Posts tagged ‘advocacy’
Why Pimping Must Be Legal Too. by Cheryl Overs with special thanks to Marc of Frankfurt for giving this article a much better name.
Sex workers rights activists are living in exciting times. We now have a formal mechanism for inputting into UN policy, the NSWP UNAIDS Advisory Group on HIV and Sex Work and the Commission on HIV and Law convened by UNDP is a golden opportunity for an authoritative recommendation that sex work be decriminalised. Substantial support for such a recommendation has already come from senior UN officials including the Secretary General and the UN Special Rapporteur on the Right to Health.

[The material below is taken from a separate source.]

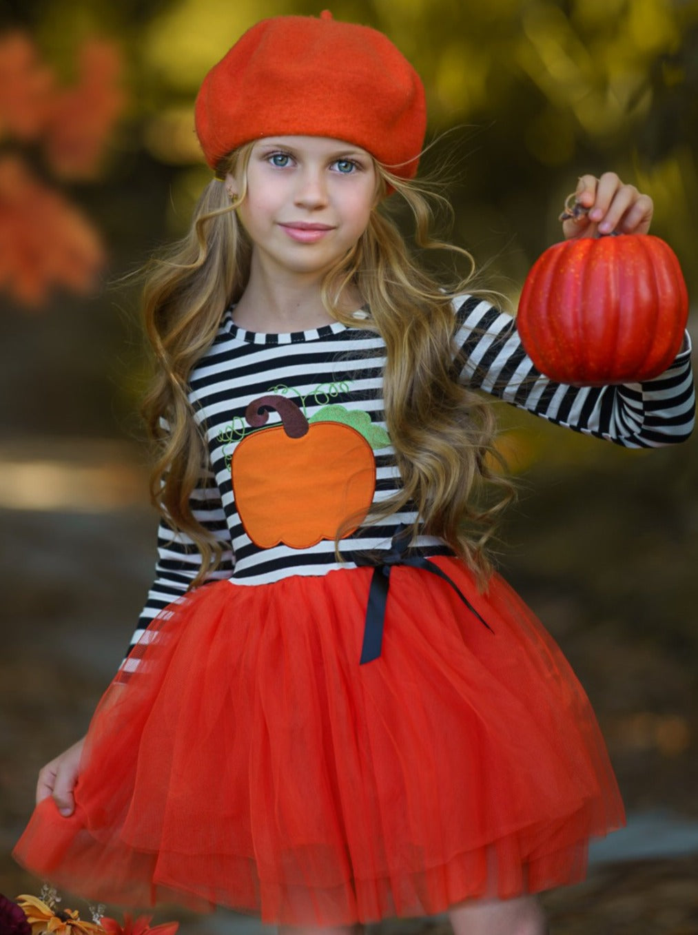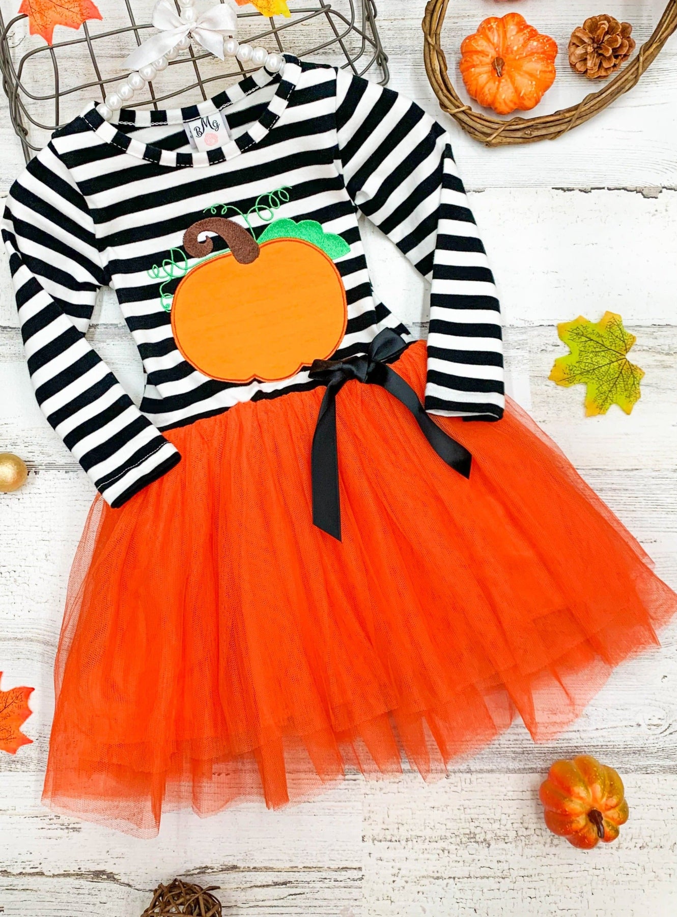 Little girls Halloween long-sleeve tutu dress with striped bodice, applique pumpkin, and gathered tulle skirt and satin bow finish - Mia Belle Girls

When sex work began to be decriminalised in Australia more than 20 years ago I thought we were the first in a domino effect of collapsing sex work laws globally . I knew hardly anything of the outside world then. I now understand much better why the opposite has happened and why, with a couple of exceptions, laws against sex work have worsened for sex workers globally. Although those reasons are obviously varied and complex, I think the issue of removing laws against living off immoral earnings, brothel keeping etc has functioned as a ‘deal breaker’ that has impeded us forming the alliances we need to move the decriminalisation agenda forward globally.

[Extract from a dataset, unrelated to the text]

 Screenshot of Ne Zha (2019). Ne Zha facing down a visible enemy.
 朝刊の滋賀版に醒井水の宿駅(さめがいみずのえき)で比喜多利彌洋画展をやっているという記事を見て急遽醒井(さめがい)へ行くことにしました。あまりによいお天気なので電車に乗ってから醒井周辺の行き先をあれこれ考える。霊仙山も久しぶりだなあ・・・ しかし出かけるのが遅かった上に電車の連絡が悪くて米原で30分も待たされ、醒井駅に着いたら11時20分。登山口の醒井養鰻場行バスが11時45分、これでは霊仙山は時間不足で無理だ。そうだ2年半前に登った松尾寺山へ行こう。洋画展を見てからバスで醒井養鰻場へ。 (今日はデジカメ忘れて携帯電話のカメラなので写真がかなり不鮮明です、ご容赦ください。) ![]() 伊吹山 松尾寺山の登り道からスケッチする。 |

Most of the agencies who support removing the offences that are used against women who sell sex ( and less often against men and transgenders) at the same time support retention of the offenses that are used against people that operate or service the sex industry. (pimps)
Why is this ? It’s the fashion in literature on sex work and law to follow any mention of sex business operators with (pimps) in brackets. At first I just thought the use of bracketed American slang to clarify who is being discussed was just another amusing folly fromAmerican friends. But perhaps by invoking this stigmatising term authors are providing a clue to better understanding the disconnect between sex workers and the allies we need to support our demands if we are to be successful. That we don’t have that support is clear. Of all the agencies and individuals calling for ‘removal of punitive laws against sex workers’ almost none are expressing support for removal of the laws against operating or servicing sex businesses ( pimping) . The ‘best’ we get is a call for better enforcement to ensure that innocent family members are not ‘wrongly’ charged with living off immoral earnings ( pimping ) .
Like all movements the sex workers rights movement is diverse so there are few policy positions that everyone in the global sex workers rights movementfully agrees on beyond the basic principles of the Network of Sex Work Projects. ( http://www.NSWP.org). However there is one proposition that stands out as universal – sex work is work. It’s written on our placards, chanted at our demonstrations quoted on our websites and publications. What this slogan means is that sex workers demand that labour law not criminal law is used to govern the sex industry and protect the conditions of the workers in that industry. For this to happen sex businesses and brokering commercial sex must be legal. To benefit from labour rights sex workers who are employees must have legal employers. To benefit from health and safety regulations self employed sex workers must have access to legal workplaces and the same legal structure around their work as other self employed workers. There is no point the sex workers role in commercial sex being legal while her employers or people from whom she rents space or advertises are criminalised. In fact in many countries where sex work highly criminalised in reality, the law on the books only contains brothel keeping, recruiting ( pimping) type offenses.( See http://prostitution.procon.org/view.resource.php?resourceID=000772)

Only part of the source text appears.